The List can looks like this:
adymlist = [[('name1',1)],[('name2',2),('name3',1), ...('name10', 20)], ...,[('name m',int),..]]
Now I loop through the List to get the highest Value (integer):
total = {}
y=0
while y < len(adymlist):
if len(adymlist) == 1:
#has the List only 1 Element -> save it in total
total[adymlist[y][0][0]] = adymlist[y][0][1]
y += 1
else:
# here is the problem
# iterate through each lists to get the highest Value
# and you dont know how long this list can be
# safe the highest Value in total f.e. total = {'name1':1,'name10':20, ..}
I tried a lot to get the maximum Value but I found no conclusion to my problem. I know i must loop through each Tuple in the List and compare it with the next one but it dont know how to code it correct.
Also I can use the function max() but it doesnt work with strings and integers. f.e.
a = [ ('a',5),('z',1)] -> result is max(a) ---> ('z',1) obv 5 > 1 but z > a so I tried to expand the max function with max(a, key=int) but I get an Type Error.
Hope you can understand what I want ;-)
UPDATE
Thanks so far.
If I use itertools.chain(*adymlist) and max(flatlist, key=lambda x: x[1])
I will get an exception like : max_word = max(flatlist, key=lambda x: x[1])
TypeError: 'int' object is unsubscriptable
BUT If I use itertools.chain(adymlist) it works fine. But I dont know how to summate all integers from each Tuple of the List. I need your help to figure it out.
Otherwise I wrote a workaround for itertools.chain(*adymlist) to get the sum of all integers and the highest integer in that list.
chain = itertools.chain(*adymlist)
flatlist = list(chain)
# flatlist = string, integer, string, integer, ...
max_count = max(flatlist[1:len(flatlist):2])
total_count = sum(flatlist[1:len(flatlist):2])
# index of highest integer
idx = flatlist.index(next((n for n in flatlist if n == max_count)))
max_keyword = flatlist[idx-1]
It still does what I want, but isn't it to dirty?
To clarify, looks like you've got a list of lists of tuples. It doesn't look like we care about what list they are in, so we can simplify this to two steps
Flatten the list of lists to a list of tuples
Find the max value
The first part can be accomplished via itertools.chain (see e.g., Flattening a shallow list in Python)

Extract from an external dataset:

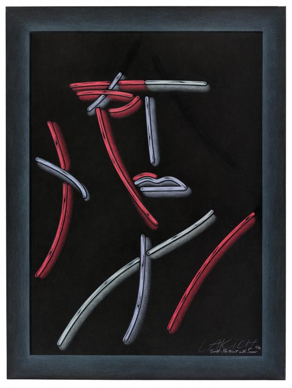 To accompany Before You Now, LACMA has produced a series of video portraits introducing just a few of the artists and their works. In this video, artist Lili Lakich—who co-founded the Museum of Neon Art in Los Angeles in 1981—discusses her practice of working with neon lights and tells us about her drawing Self-Portrait with Sneer (1976). Lakich creates sketches before she constructs her sculptural works, many of which feature self-portraiture, and this bold drawing anticipates the design of the glowing neon tubes of its corresponding sculpture.
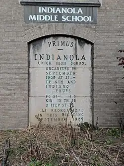 In the early 1900s, there was support for marking more of a transition from elementary to secondary education.[3] The Indianola school was the first school to be designed as a separate junior high school, incorporating what was then the last two years of elementary school with the first years of high school.[3][4]

The second can be solved through max, you have the right idea, but you should be passing in a function rather than the type you want. This function needs to return the value you've keyed on, in this case ,the second part of the tuple
max(flatlist, key=lambda x: x[1])
Correction
I re-read your question - are you looking for the max value in each sub-list? If this is the case, then only the second part is applicable. Simply iterate over your list for each list
A bit more pythonic than what you currently have would like
output = []
for lst in lists:
output.append( max(flatlist, key=lambda x: x[1]) )
or
map(lambda x: max(x, key=lambda y: y[1]) , lists)
As spintheblack says, you have a list of lists of tuples. I presume you are looking for the highest integer value of all tuples.
You can iterate over the outer list, then over the list of tuples tuples like this:
max_so_far = 0
for list in adymlist:
for t in list:
if t[1] > max_so_far:
max_so_far = t[1]
print max_so_far
This is a little bit more verbose but might be easier to understand.